Si tratta di scegliere come contribuire e partecipare alla propria vita. A tutti è capitato di darsi ripetutamente martellate sui calli, e io l’ho fatto più volte. In altri momenti invece si trovano risorse sconosciute per ottenere ben più di quanto si potesse inizialmente sperare. Le variabili sono davvero tante.
Ciò di cui sono piuttosto sicura, come malata e come studiosa della relazione medico–paziente, è che quest’ultimo sia un elemento determinante non tanto per l’andamento della malattia quanto per la sua gestione quotidiana. Mi spiego meglio.
Non è il paziente da solo a determinare come procede la malattia. Ma può fare in modo di essere comunque felice. E può fare in modo che si determinino sinergie positive tra lui stesso, il medico, ciò che lo circonda e le terapie. Noi pazienti siamo comunque in ballo, facciamo dunque in modo che, anche se non siamo noi a scegliere la musica, la danza sia gradevole.
Chiunque si occupi di salute come professionista sa che la compliance è il maggiore problema che siamo chiamati ad affrontare in questi anni, e vengono fatti moltissimi progetti e tentativi per aumentare la compliance del paziente. Consentitemi alcune riflessioni su questo argomento, derivanti dal fatto che questo tema costituisce parte del mio lavoro.
La prima considerazione è che finché definiamo la compliance il maggior problema
ogni tentativo di risoluzione sarà più indirizzato alla ricerca di un colpevole piuttosto che a una vera via di ottimizzazione. La seconda considerazione è più tecnica. Esistono tre diversi fattori in ciò che chiamiamo compliance: l’aderenza alla terapia (assumere i farmaci come prescritto dal medico), la compliance (modificare comportamenti e stili di vita) e l’empowerment, cioè la piena partecipazione del paziente.
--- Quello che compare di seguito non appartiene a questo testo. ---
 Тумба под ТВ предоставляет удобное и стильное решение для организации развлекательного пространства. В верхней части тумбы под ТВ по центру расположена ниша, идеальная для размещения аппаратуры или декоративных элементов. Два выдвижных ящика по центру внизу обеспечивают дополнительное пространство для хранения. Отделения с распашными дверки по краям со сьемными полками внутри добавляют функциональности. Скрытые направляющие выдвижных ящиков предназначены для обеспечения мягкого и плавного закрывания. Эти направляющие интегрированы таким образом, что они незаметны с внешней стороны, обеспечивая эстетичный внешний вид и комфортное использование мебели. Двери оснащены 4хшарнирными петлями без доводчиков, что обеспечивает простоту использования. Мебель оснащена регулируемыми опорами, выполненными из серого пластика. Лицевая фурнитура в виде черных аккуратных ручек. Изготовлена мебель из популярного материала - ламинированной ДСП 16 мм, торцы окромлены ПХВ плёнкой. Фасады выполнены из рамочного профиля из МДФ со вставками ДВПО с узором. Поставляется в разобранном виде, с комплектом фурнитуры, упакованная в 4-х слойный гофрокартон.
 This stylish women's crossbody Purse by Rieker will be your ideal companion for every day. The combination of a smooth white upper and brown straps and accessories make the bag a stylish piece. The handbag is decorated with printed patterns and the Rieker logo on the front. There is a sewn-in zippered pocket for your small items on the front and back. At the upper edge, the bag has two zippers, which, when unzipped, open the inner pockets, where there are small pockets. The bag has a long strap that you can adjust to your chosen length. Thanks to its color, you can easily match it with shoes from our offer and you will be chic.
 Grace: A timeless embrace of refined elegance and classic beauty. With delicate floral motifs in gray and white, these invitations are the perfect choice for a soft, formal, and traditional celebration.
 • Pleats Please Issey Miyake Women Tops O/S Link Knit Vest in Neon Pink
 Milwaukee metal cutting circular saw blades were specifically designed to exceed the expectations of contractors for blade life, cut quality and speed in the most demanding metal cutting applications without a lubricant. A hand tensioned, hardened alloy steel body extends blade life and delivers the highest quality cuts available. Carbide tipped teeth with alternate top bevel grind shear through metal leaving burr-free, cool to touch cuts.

Ciascuno di questi fattori coinvolge meccanismi diversi. Vivere felici dopo una diagnosi di tumore o di sclerosi multipla o di altre patologie analoghe richiede una piena partecipazione del paziente, un totale coinvolgimento. E, in fondo, è a questo che sto dedicando il mio scrivere.
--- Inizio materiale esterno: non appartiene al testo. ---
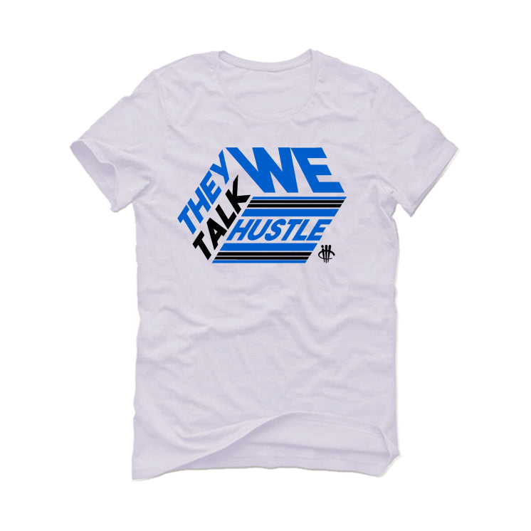 Air Jordan 5 “Racer Blue” White T-Shirt (THEY TALK WE HUSTLE)
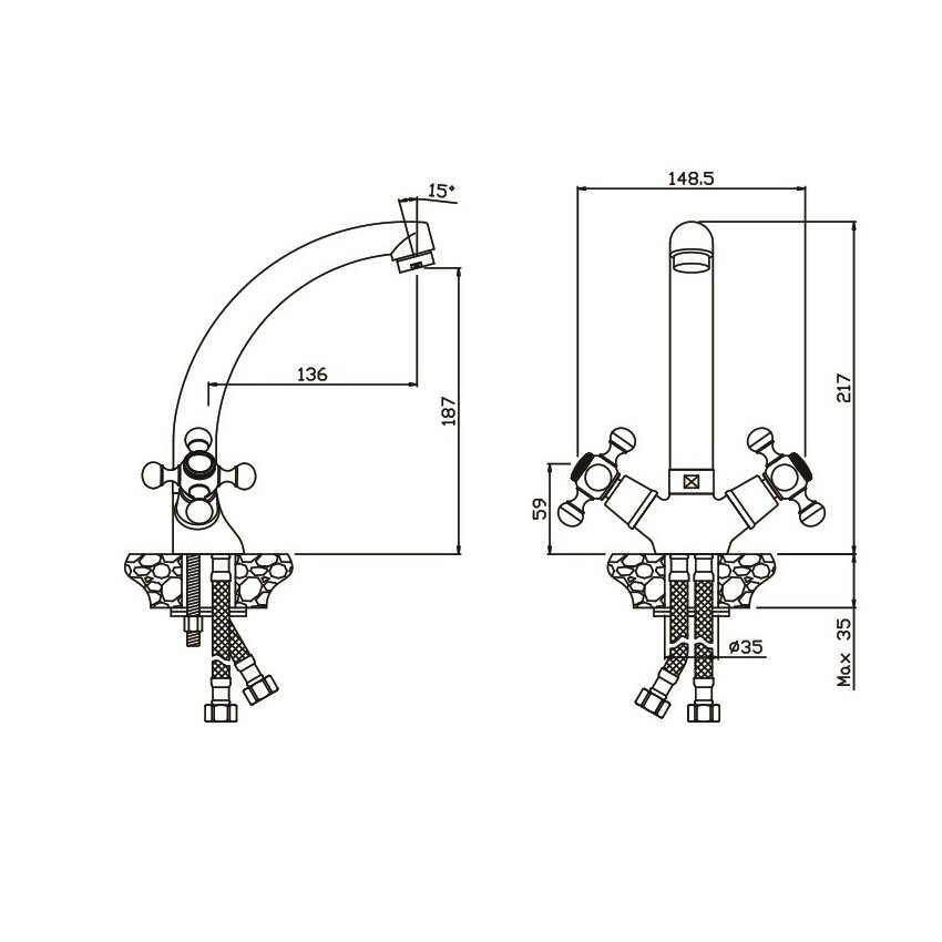 | Подвод воды | шланги / 350 мм / G 3/8" |

In tempi non lontanissimi lo sciamano della tribù chiamava a raccolta gli spiriti, o gli antenati, per contribuire alla guarigione. In alcune culture tutti gli abitanti del villaggio si radunano intorno al malato per creare energie positive, in altre ancora il malato viene circondato dai bambini che gli trasmettono serenità e allegria.
La nostra cultura, complice l’illuminismo e i successi tecnologici, si è poco a poco convinta che i farmaci siano sufficienti, come se ogni malattia fosse un batterio che l’antibiotico debella con allegria. E l’esempio, in realtà, non è valido perché la stragrande maggioranza degli antibiotici agisce solo in sinergia con il sistema immunitario. Ma non importa. Il fatto è che stiamo scoprendo che il meccanicismo diagnosi – terapia – guarigione non funziona sempre.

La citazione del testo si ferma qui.